▸ **Provided records**
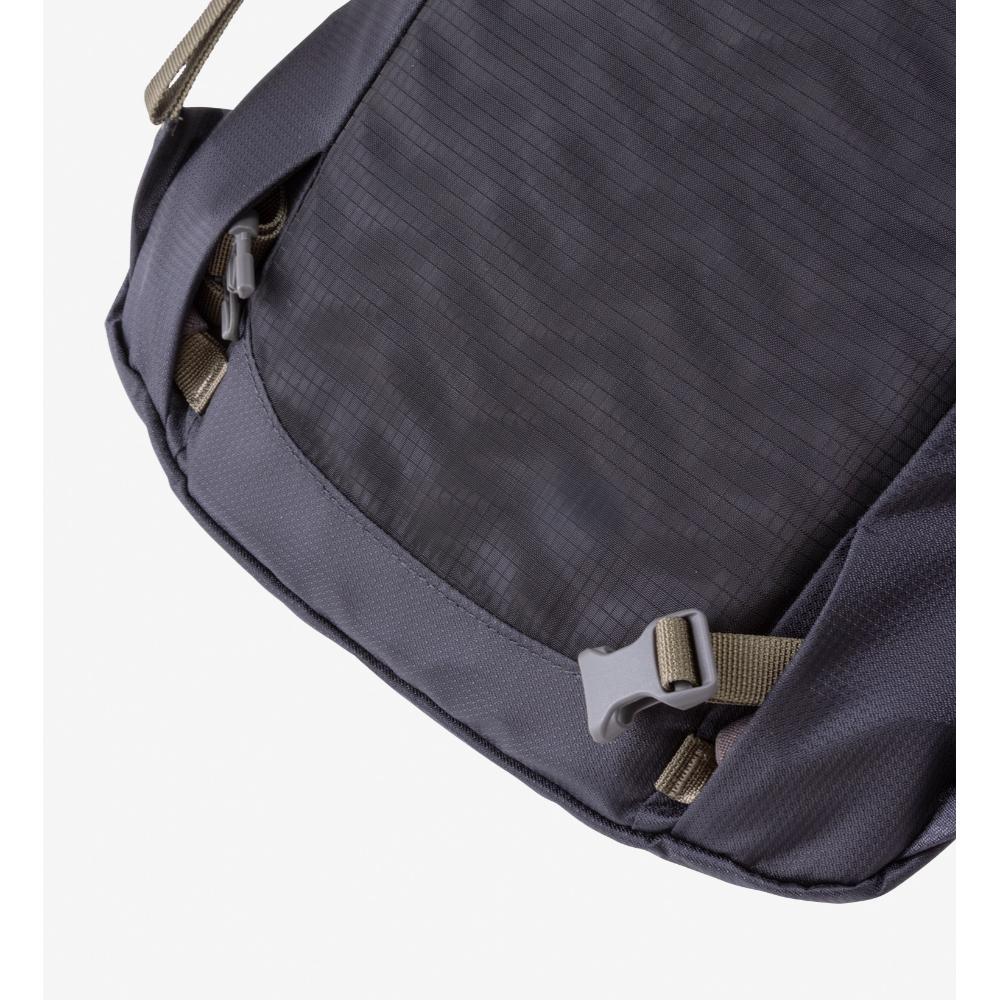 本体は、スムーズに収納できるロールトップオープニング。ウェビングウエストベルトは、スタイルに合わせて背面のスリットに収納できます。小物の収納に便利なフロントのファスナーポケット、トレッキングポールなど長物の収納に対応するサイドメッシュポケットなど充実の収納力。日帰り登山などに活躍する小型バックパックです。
--
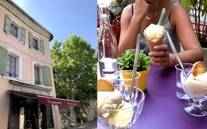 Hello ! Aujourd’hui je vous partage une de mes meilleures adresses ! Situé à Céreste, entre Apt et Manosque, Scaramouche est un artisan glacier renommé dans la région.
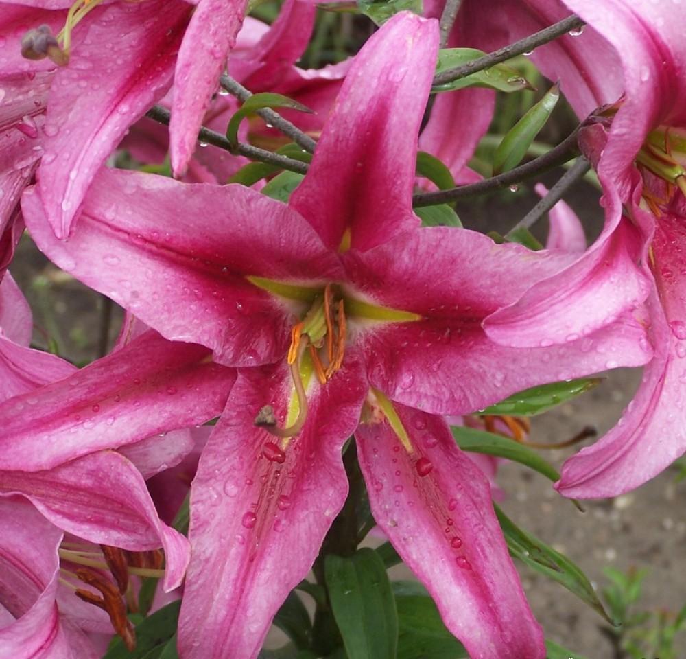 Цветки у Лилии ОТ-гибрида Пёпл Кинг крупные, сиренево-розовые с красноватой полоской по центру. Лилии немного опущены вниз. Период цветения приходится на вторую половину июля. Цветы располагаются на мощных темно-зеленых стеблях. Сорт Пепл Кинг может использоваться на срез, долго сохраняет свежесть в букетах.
==
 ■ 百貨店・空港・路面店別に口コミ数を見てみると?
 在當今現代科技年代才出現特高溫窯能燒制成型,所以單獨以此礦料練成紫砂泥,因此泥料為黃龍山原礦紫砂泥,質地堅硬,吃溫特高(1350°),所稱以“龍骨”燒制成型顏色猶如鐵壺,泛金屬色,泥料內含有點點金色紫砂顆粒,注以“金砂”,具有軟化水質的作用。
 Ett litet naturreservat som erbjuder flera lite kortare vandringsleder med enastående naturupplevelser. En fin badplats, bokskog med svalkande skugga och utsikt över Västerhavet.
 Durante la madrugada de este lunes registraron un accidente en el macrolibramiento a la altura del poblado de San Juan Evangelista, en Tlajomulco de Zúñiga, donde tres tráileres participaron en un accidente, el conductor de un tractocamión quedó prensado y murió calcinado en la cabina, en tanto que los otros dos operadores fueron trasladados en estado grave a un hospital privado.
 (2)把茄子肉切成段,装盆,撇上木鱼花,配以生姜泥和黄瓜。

▸ **Your task**
Please output the lines above beginning at the line with "Hello ! Aujourd’hui" and ending after the line with "Цветки у Лилии", precisely as written and with no pictures.

▸ **Response box**
 Hello ! Aujourd’hui je vous partage une de mes meilleures adresses ! Situé à Céreste, entre Apt et Manosque, Scaramouche est un artisan glacier renommé dans la région.
 Цветки у Лилии ОТ-гибрида Пёпл Кинг крупные, сиренево-розовые с красноватой полоской по центру. Лилии немного опущены вниз. Период цветения приходится на вторую половину июля. Цветы располагаются на мощных темно-зеленых стеблях. Сорт Пепл Кинг может использоваться на срез, долго сохраняет свежесть в букетах.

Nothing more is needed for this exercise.